Author: Talip Ucar ([email protected])
Pytorch implementation of BYOL (https://arxiv.org/pdf/2006.07733v1.pdf) with custom Encoder.
Source: https://arxiv.org/pdf/2006.07733v1.pdf
Model consists of two networks; Online and Target networks. Target network can be considered as moving average of Online network. So, the parameters of Target network is updated using the parameters of Online network.
Each network is initialized with a "EncodeProject()" class.
EncoderProject consists of two networks: -Encoder to learn representation -Projection to project representation Thus, z = EncodeProject(x) ⟺ z = Project(Encode(x))
A Prediction network uses output of Online network to predict the output of Target network. In the process, Encoder learns useful representations of the data. High-level training looks like following:
xi = Transform(x) xj = Transform(x) Online Network zi = EncodeProject(xi) qi = Predictor(zi) Target Network zj = EncodeProject(xj) Training Objective: qi ⥵ zj
Note: To make training symmetric (meaning all networks see both xi, and xj), both (xi, xj) and (xj, xi) are fed to the networks.
For Encoder, Resnet18, or Resnet50 can be used (yet to be implemented). A custom CNN-based encoder model is also provided as a feault option, and its architecture is defined in yaml file of the model ("./config/byol.yaml").
Example:
conv_dims: - [ 3, 32, 5, 2, 1, 1] # [i, o, k, s, p, d] - [32, 128, 5, 2, 1, 1] # i=input channel, o=output channel, k = kernel, s = stride, p = padding, d = dilation - [128, 512, 5, 2, 1, 1] - 512
conv_dims
defines first 3 convolutional layer as well as input dimension of the projection head. You can change this architecture
by modifying it in yaml file. You can add more layers, or change the dimensions of existing ones.

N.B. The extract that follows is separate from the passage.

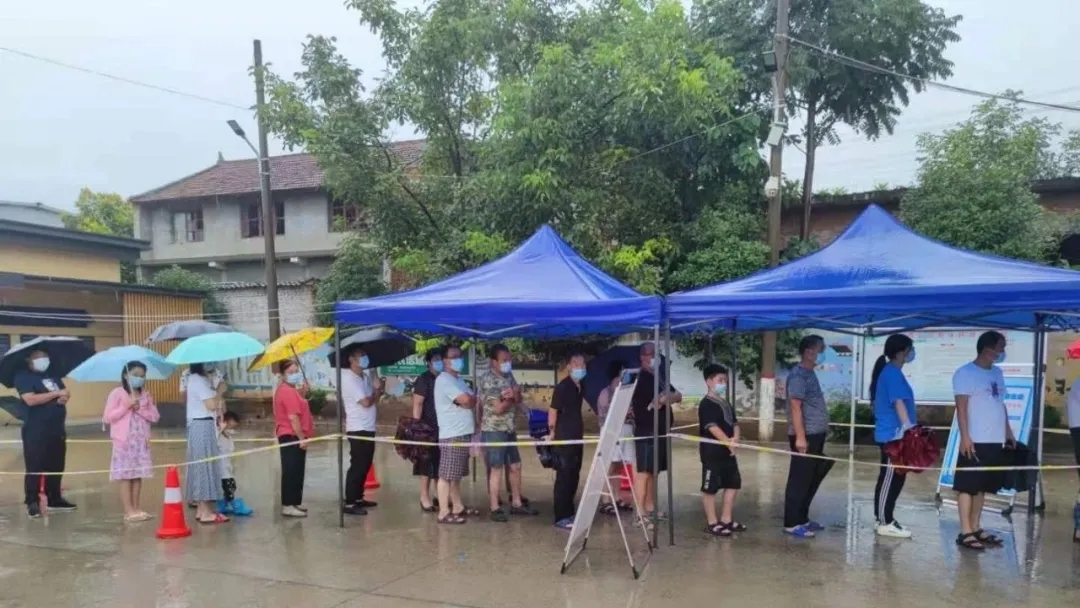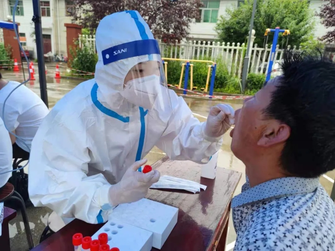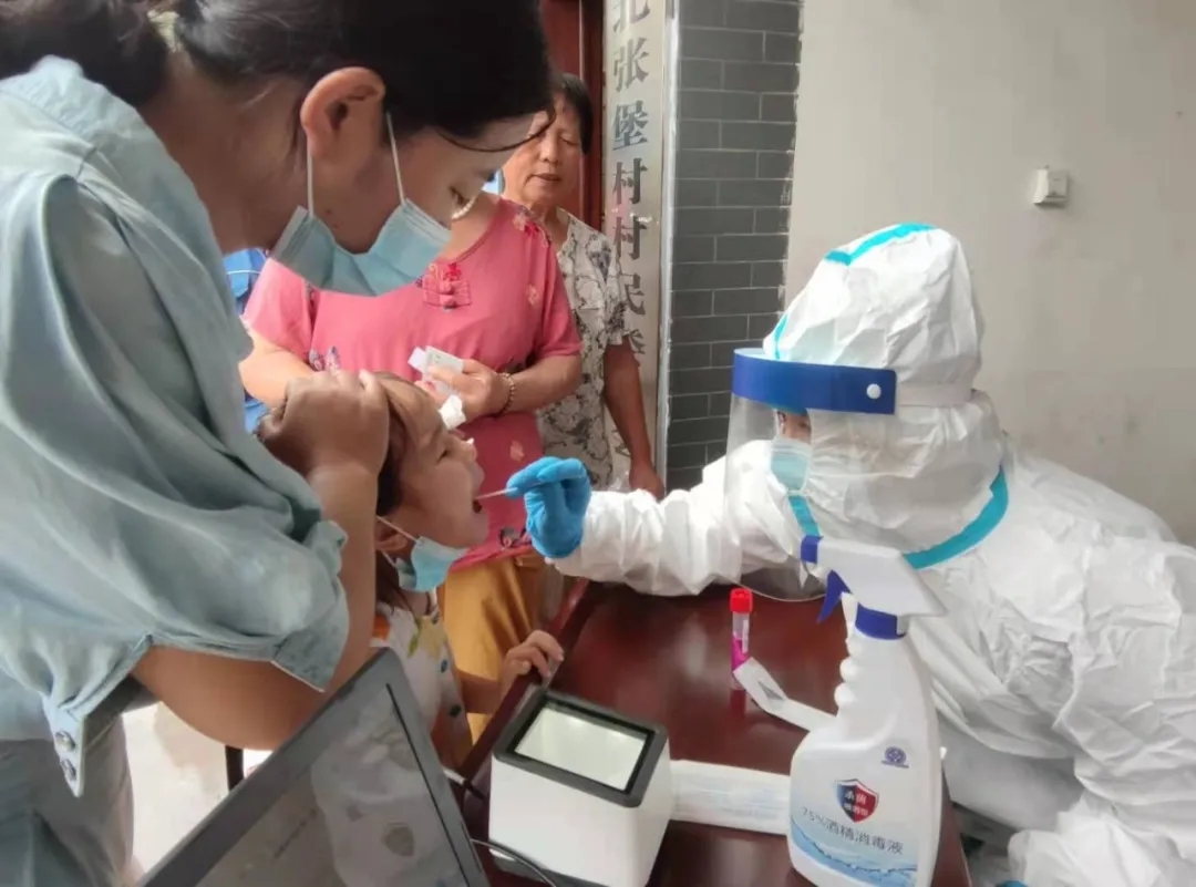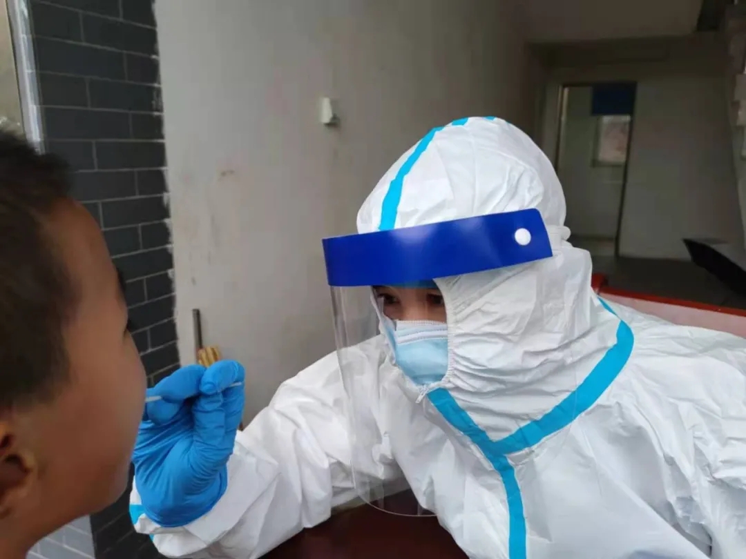風(fēng)雨交加的社區(qū)中,一幕幕溫情畫面也在上演。在五星街道北張堡村,郭小娟護(hù)士正在給五歲的小女孩做核酸檢測,做完后,小女孩的一聲:“謝謝阿姨!”讓她紅了眼眶。原來,這周她本要陪孩子好好過個周末,但周五接到集結(jié)通知,她毫不猶豫報了名,只好將三歲半的孩子交給父母照顧?!白蛲砘丶乙呀?jīng)十點了,孩子還在等我,問我熱不熱。雖然沒能在家陪他,但是能在核酸檢測點守護(hù)大家的健康,我覺得很自豪。”郭小娟說。

Architecture is agnostic to input image size.
Resnet18 and Resnet50 models will be supported in the future.
Following datasets are supported:
- STL10 (Image size=96)
- CIFAR10 (Image size=32)
- MNIST (Image size=28)
For example, the encoder can be trained on STL10, and evaluated on both STL10 and CIFAR10.

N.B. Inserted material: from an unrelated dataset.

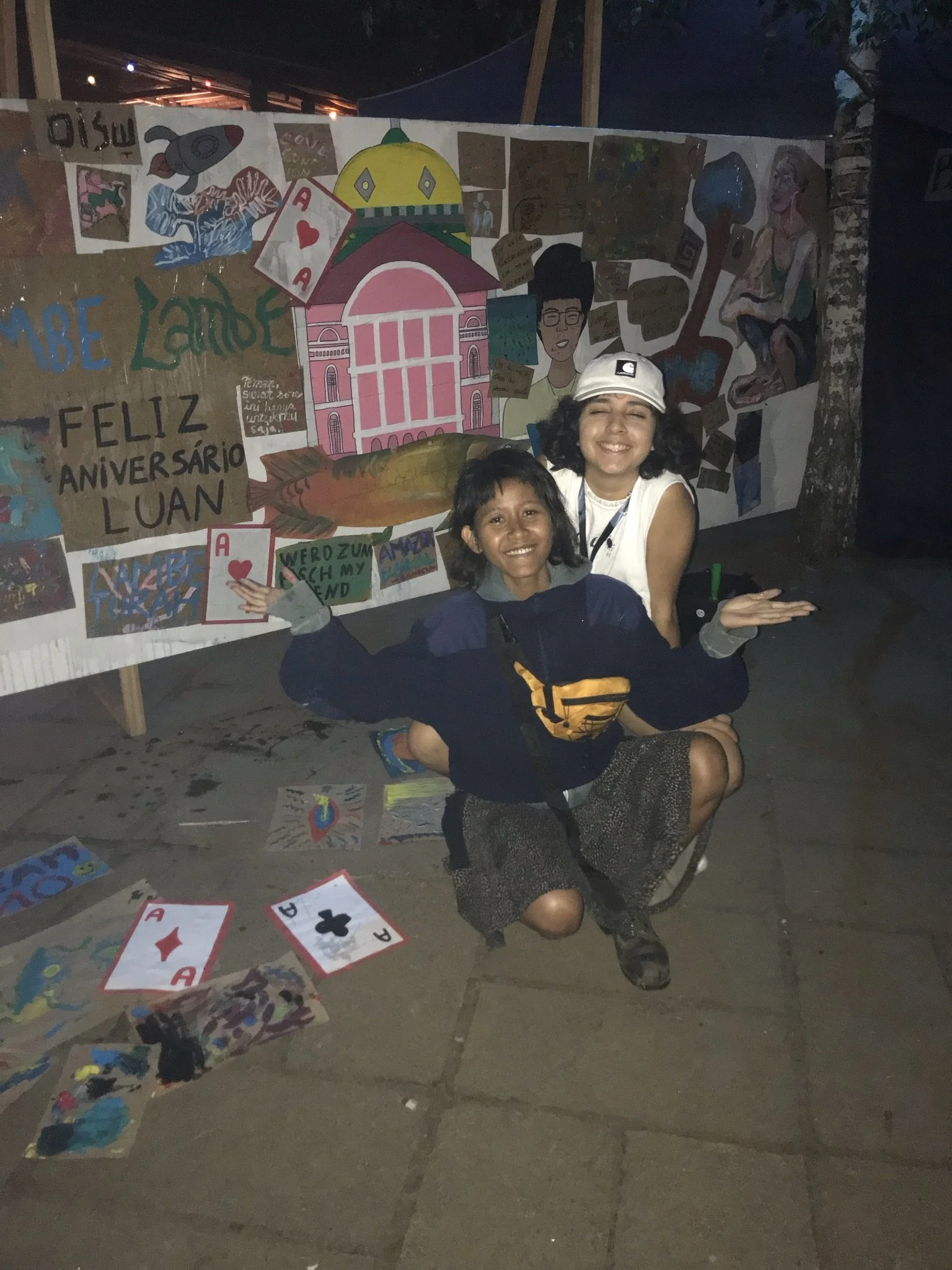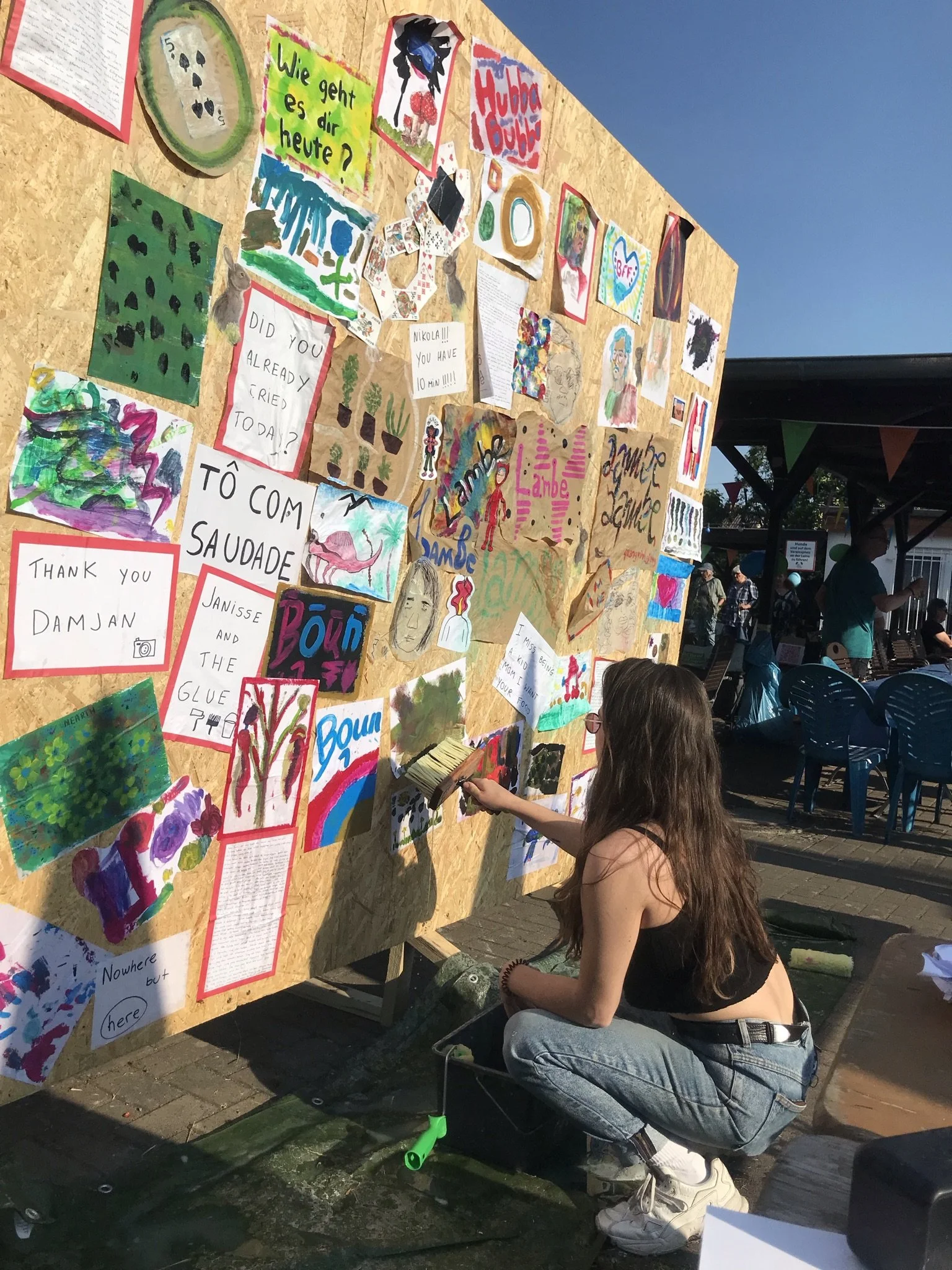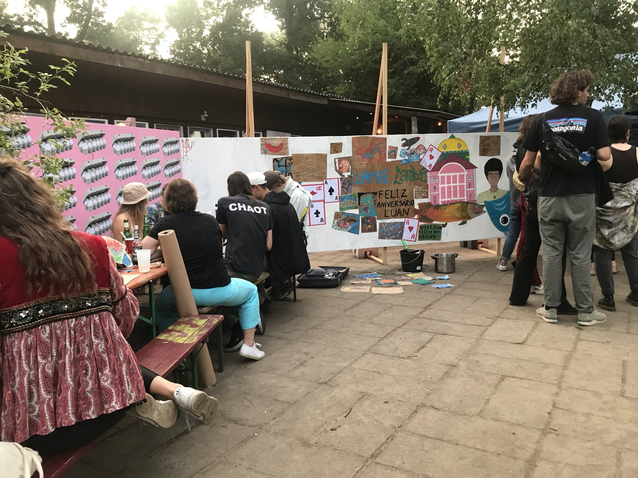 We also had the chance to create a Lambe Lambe workshop in the MitDir Music Festival in Brandenburg, Germany, 2023, where our crowd was festival visitors. It was a cozy and calm corner where people could take a rest from the festival ambiance, take a seat, paint or write, and let their “finished” or “unfinished” works join the growing collage on the wall.

It requires Python 3.8. You can set up the environment by following three steps:
- Install pipenv using pip
- Activate virtual environment
- Install required packages
Run following commands in order to set up the environment:
pip install pipenv # If it is not installed yet
pipenv shell # Activate virtual environment
pipenv install --skip-lock # Install required packages. --skip-lock is optional,
# and used to skip generating Pipfile.lock file
You can train the model using any supported dataset. For now, STL10 is recommended to use for training. The more datasets will be supported in the future.
- Logistic regression model is trained, using representations extracted from Encoder using training set of specified dataset.

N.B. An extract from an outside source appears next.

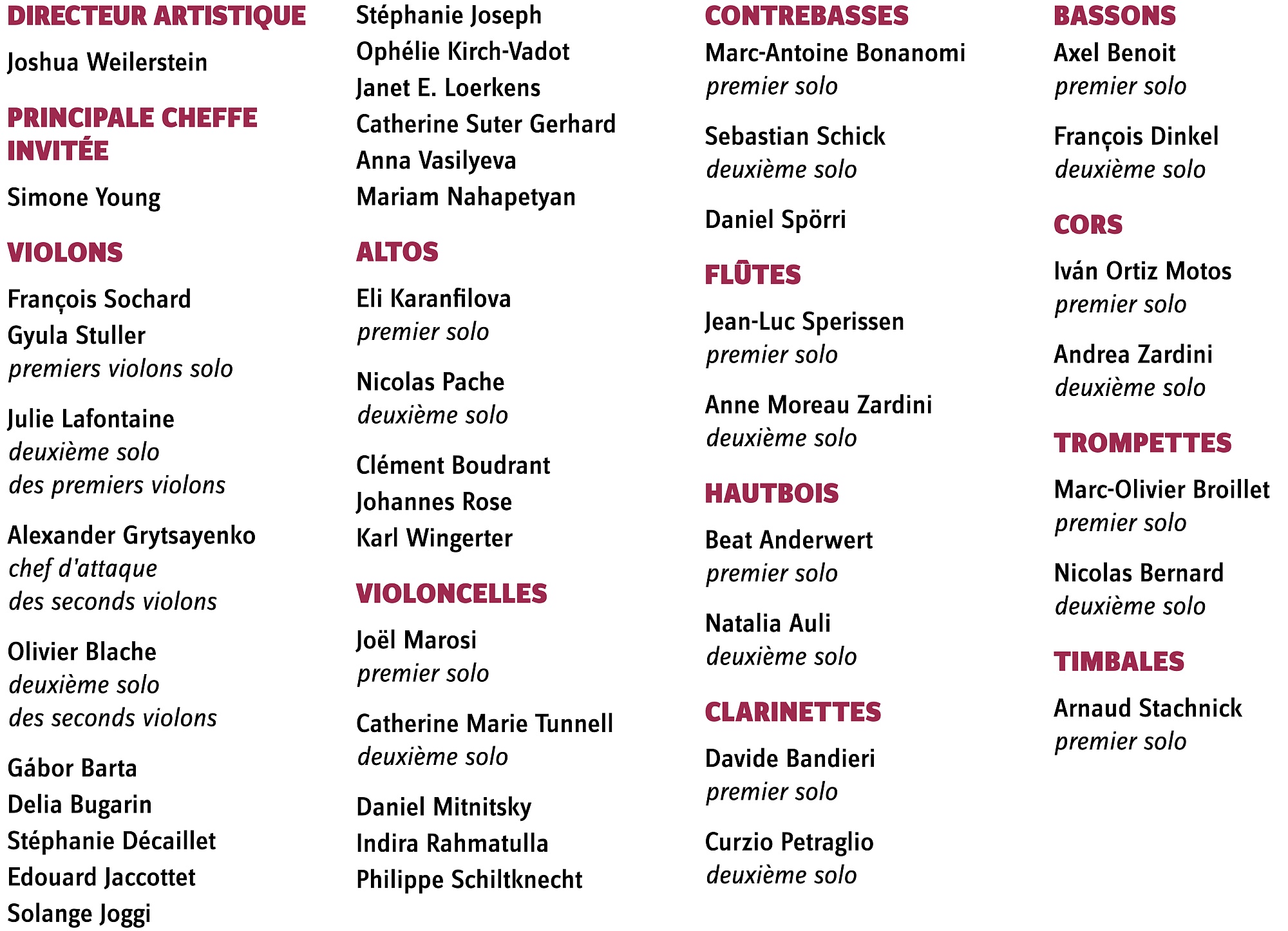 Concert des 10/11 septembre 2018, composition de l'orchestre

- The results are reported on both training and test sets.
- Raw images of specified dataset is reshaped to a 2D array.
- PCA is used to reduce the dimensionality so that the feature dimension is same as that of representations from Encoder (to be a fair comparison).
- Logistic regression model is trained, using data obtained using PCA, the results are reported on both training and test sets.
Results at the end of training is saved under "./results" directory. Results directory structure:
results |-evaluation |-training |-model |-plots |-loss
You can save results of evaluations under "evaluation" folder. At the moment, the results of evaluation is also printed out on the display, and not saved.
To pre-train the model using STL10 dataset, you can use following command:
python 0_train.py -d "STL10" -img 96
Once you have a trained model, you can evaluate the model performance on any dataset. Correct image size should be provided with corresponding dataset to get correct results since the model architecture is agnostic to image size and will not flag error if correct image size is not specified.
Two examples:
- Evaluating on STL10
python 1_eval.py -d "STL10" -img 96
- Evaluating on CIFAR10
python 1_eval_linear_classifier.py -d "CIFAR10" -img 32
For further details on what arguments you can use (or to add your own arguments), you can check out "/utils/arguments.py"
MLFlow is used to track experiments. It is turned off by default, but can be turned on by changing option in runtime config file in "./config/runtime.yaml"